To read this book, for the male gaze, would be to stare directly into the sun.

And it is a book every man should read, because men ought to be confronted with the reality of their status with regard to intercourse—privileged, possessive, and in power through several very real, yet to many men vague and trivial, dimensions of our culture, legislation, and society. This is not a comfortable reality, for anyone who acknowledges it. Nor is it nebulous, if you take the time to engage thoughtfully with the text. But I can only write this reflection as someone with that status, so certainly my views will be colored differently than those of the author and any reader who does not identify as straight and cis and man. And the thing about this status retained by straight cis men is that, in most cases, they personally have done nothing active to obtain it. We only perpetuate it, oblivious to our position, by acting as agents of the status quo.

Dworkin exhibits to the reader's abhorrence the violence of normal behavior.

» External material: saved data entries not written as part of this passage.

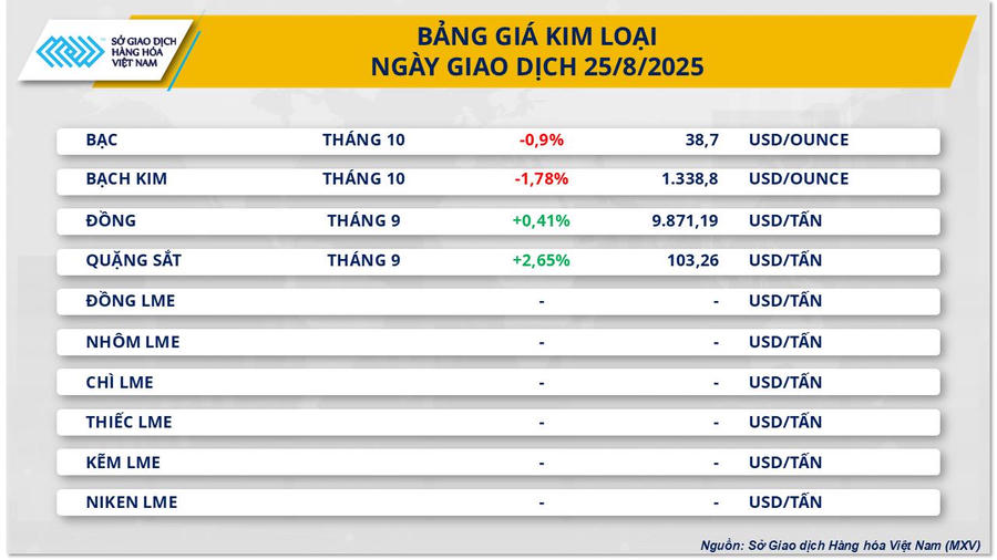Theo MXV, phiên giao dịch hôm qua ghi nhận diễn biến phân hóa rõ nét khi nhóm kim loại quý chịu áp lực bán mạnh, trong khi phần lớn kim loại cơ bản duy trì xu hướng tích cực. Tâm điểm là quặng sắt, khi giá hợp đồng kỳ hạn tháng 9 trên sàn Singapore đảo chiều tăng 2,65% lên 103,26 USD/tấn, xóa đi nhịp giảm trước đó nhờ thông tin bất ngờ từ nguồn cung.
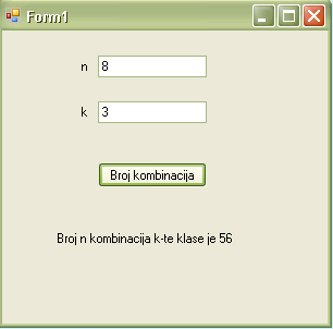 label3.Text = "Broj n kombinacija k-te klase je " + komb;
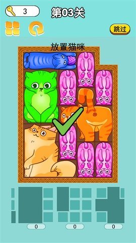 1、游戏中的方块形状都是由猫咪的形象设计而成的,玩家需要将它们合理地放入指定区域中。
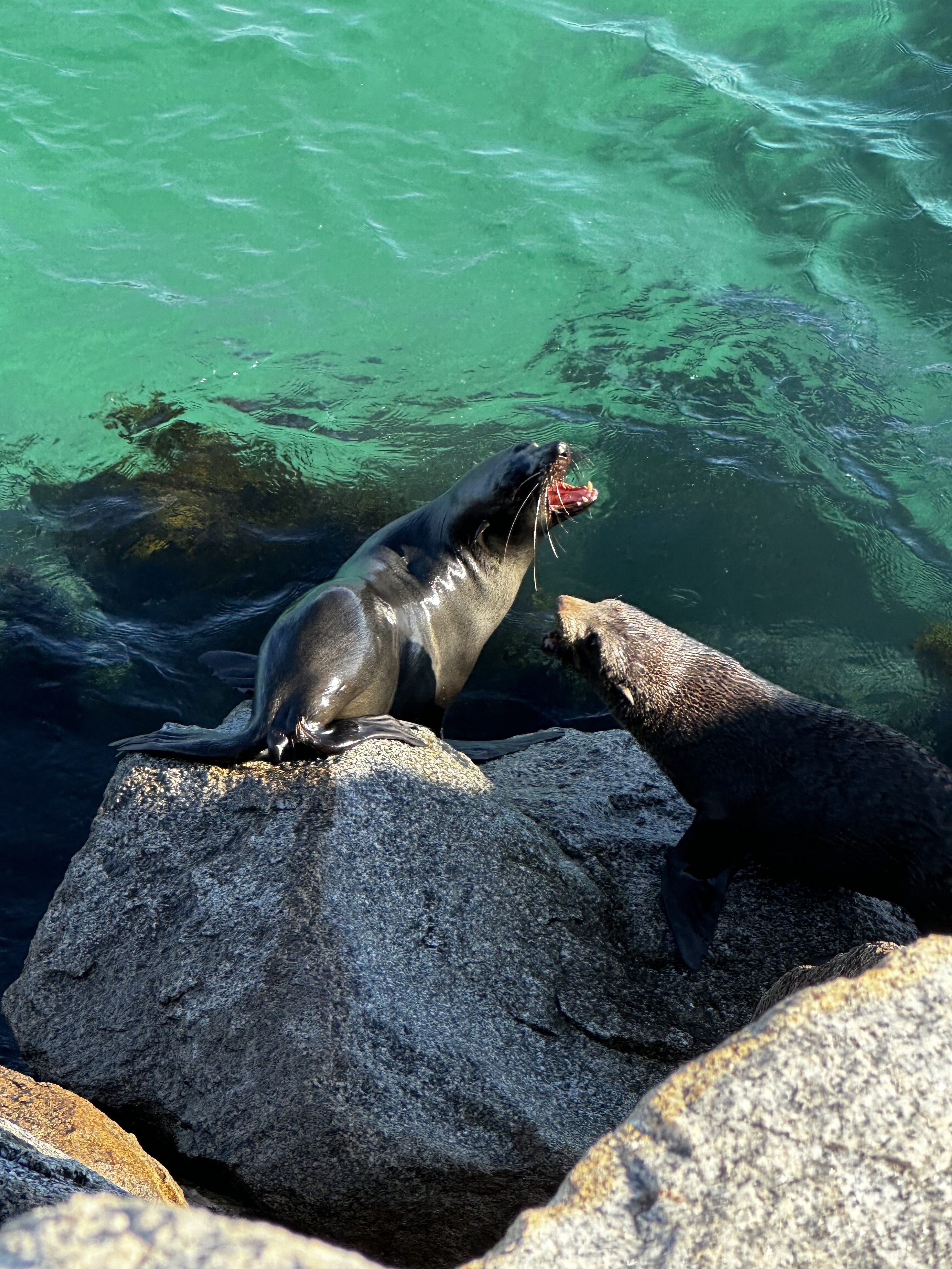 Acordamos cedo e fomos até a Australia Rock – uma formação rochosa com um furo no meio que se assemelha ao mapa da Austrália, incrível! E do lado dela tem uma parte cheiaaaaa de focas – Seal Rocks, devia ter umas 50 dessa vez – algumas na água, outras na pedra tomando um sol. E ah, assim que chegamos, as baleias estavam dando um show a parte também – lindo de ver! Nessa época do ano é comum vê-las por aqui. Uma dica para subir na Australia Rock, é ir de tênis porque as pedras machucam bastante o pé – e o restante do corpo na hora de subir e descer – e o chinelo não te dá estabilidade suficiente.
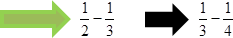 という規則性を見つけることができる。この活動の発展として,分母の数字の差が1ではない場合はどうかを同じ活動をさせながら考察させた。
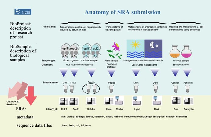 有過數(shù)據(jù)上傳經(jīng)歷的童鞋應(yīng)該對SRA并不陌生,上傳數(shù)據(jù)前我們一般要創(chuàng)建BioProject、BioSample,用于詳細說明項目信息、樣品信息;并通過SRA的Experiment、RUN描述建庫測序相關(guān)信息,如建庫類型、測序儀器、單雙端等;下圖概括出了幾者之間的關(guān)系。
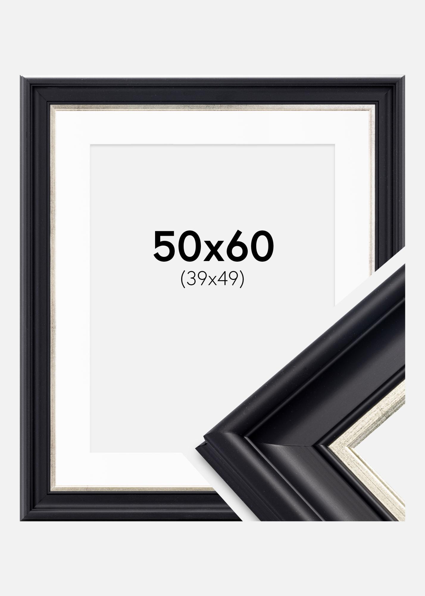 Okvir Dalarna Črno-Srebrna 50x60 cm - Paspartŭ Bela 40x50 cm
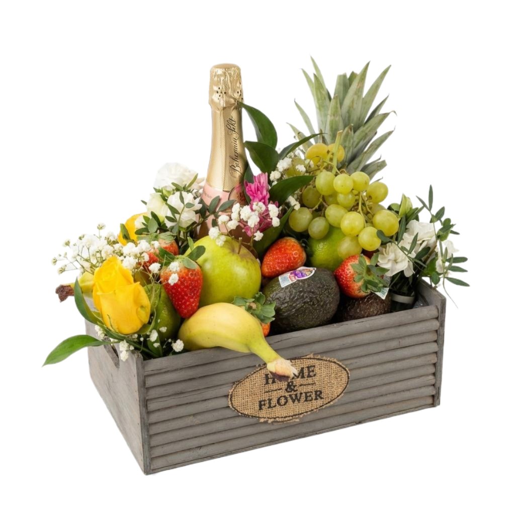 Bedýnka je plná čerstvého ovoce ,doplněná o Bohemia sekt a květiny.
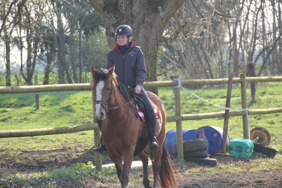 J'ai donc pris un cours le samedi suivant dans un premier temps afin de vérifier que sa boiterie était bien résorbée car au pré c'est délicat à voir! Plus de gêne que ce soit au pas au trot ou au galop.
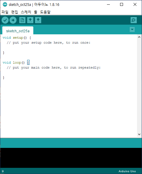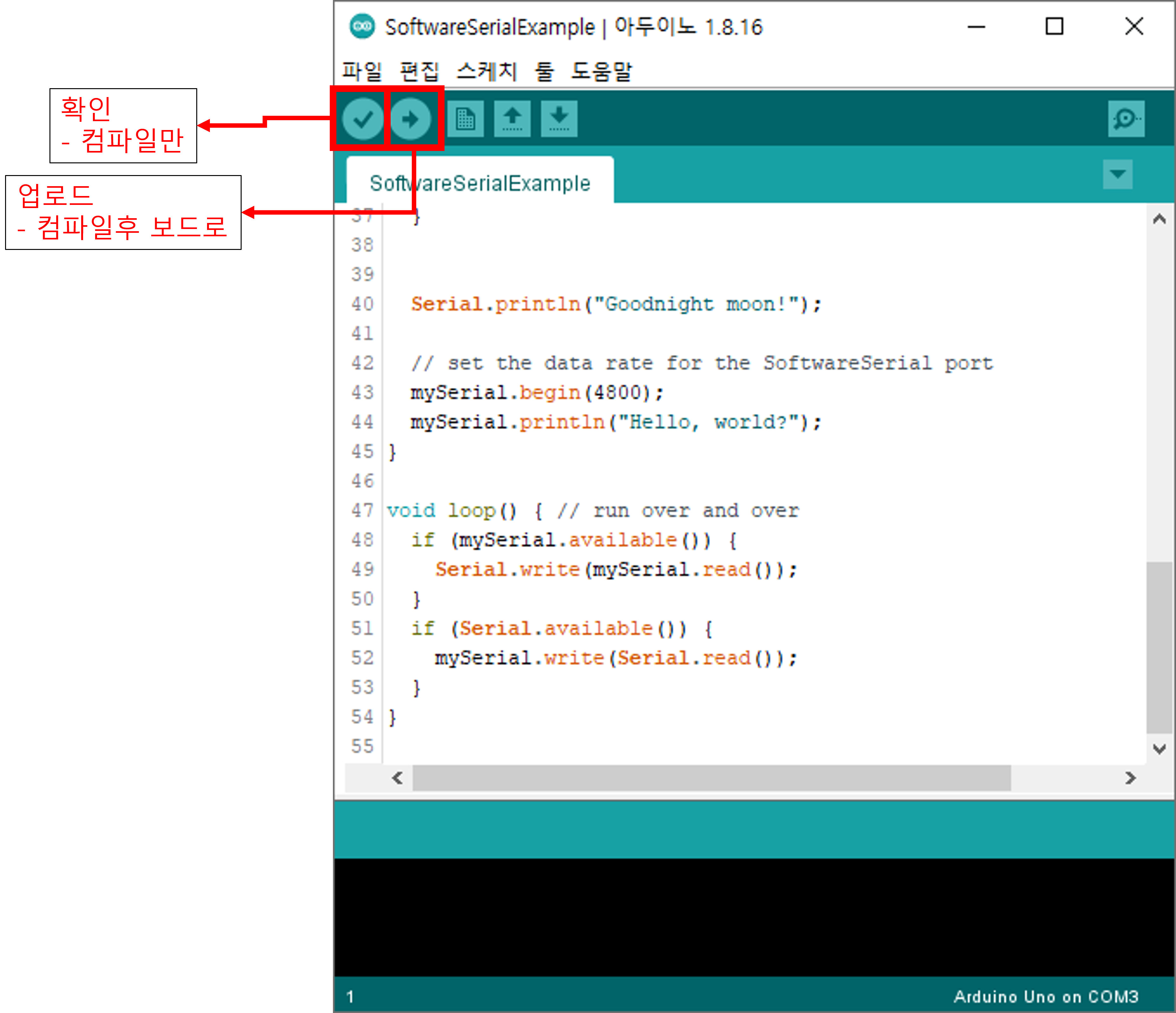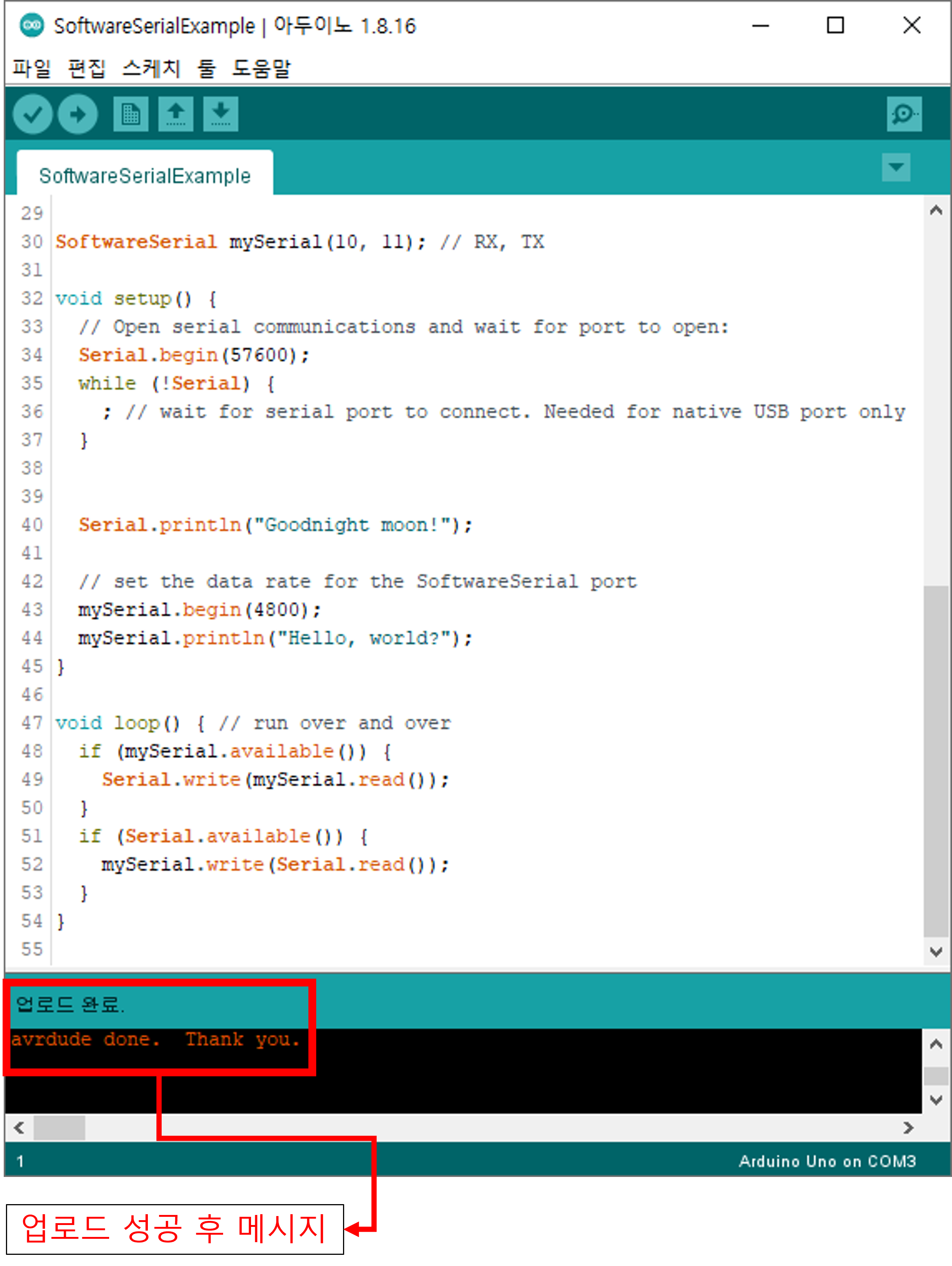 - 업로드 전 컴파일이 진행되면서 하단에 검은 부분에 컴파일 과정에서 나오는 메시지가 나오며 업로드 중 메시지도 함께 출력됩니다. 메시지들을 유심히 보면 나중에 도움이 많이 되는데 초심자들은 그냥 업로드 완료 메시지만 보면 됩니다.
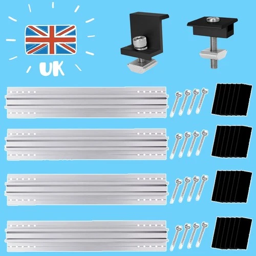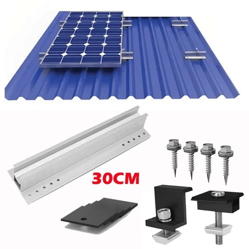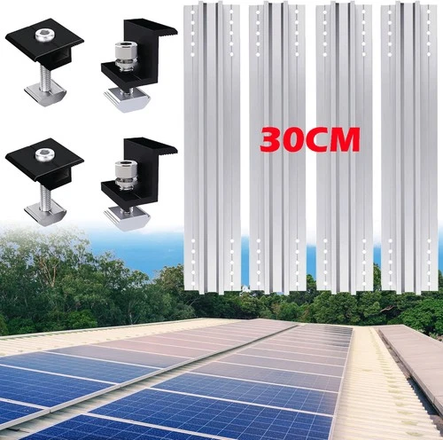 30cm Aluminium Solar Panel Roof Mounting PV Rail Brackets End/Middle Clamp Kit

She isn't talking about acute violence such as an instance of battery, although that too lies under the canopy of abuse. No, Dworkin speaks of hybrid warfare, waged and raged against women and their bodies on civil, cultural, historical, and inter-and-intrapersonal planes, as well as the physical. She deconstructs the interaction we call sex and shows us its qualities. And underneath the fervor is a complicated, abject brutality. Whatever your opinion of the text, her message is clear: fucking's fucked up. Our conceptions of intercourse have been constructed by forces that overlay our thinking, and our thinking directs our behavior. And it doesn't take the sharpest knife in the kitchen to stab a 20th Century history book in a place where humans behave in heinous ways.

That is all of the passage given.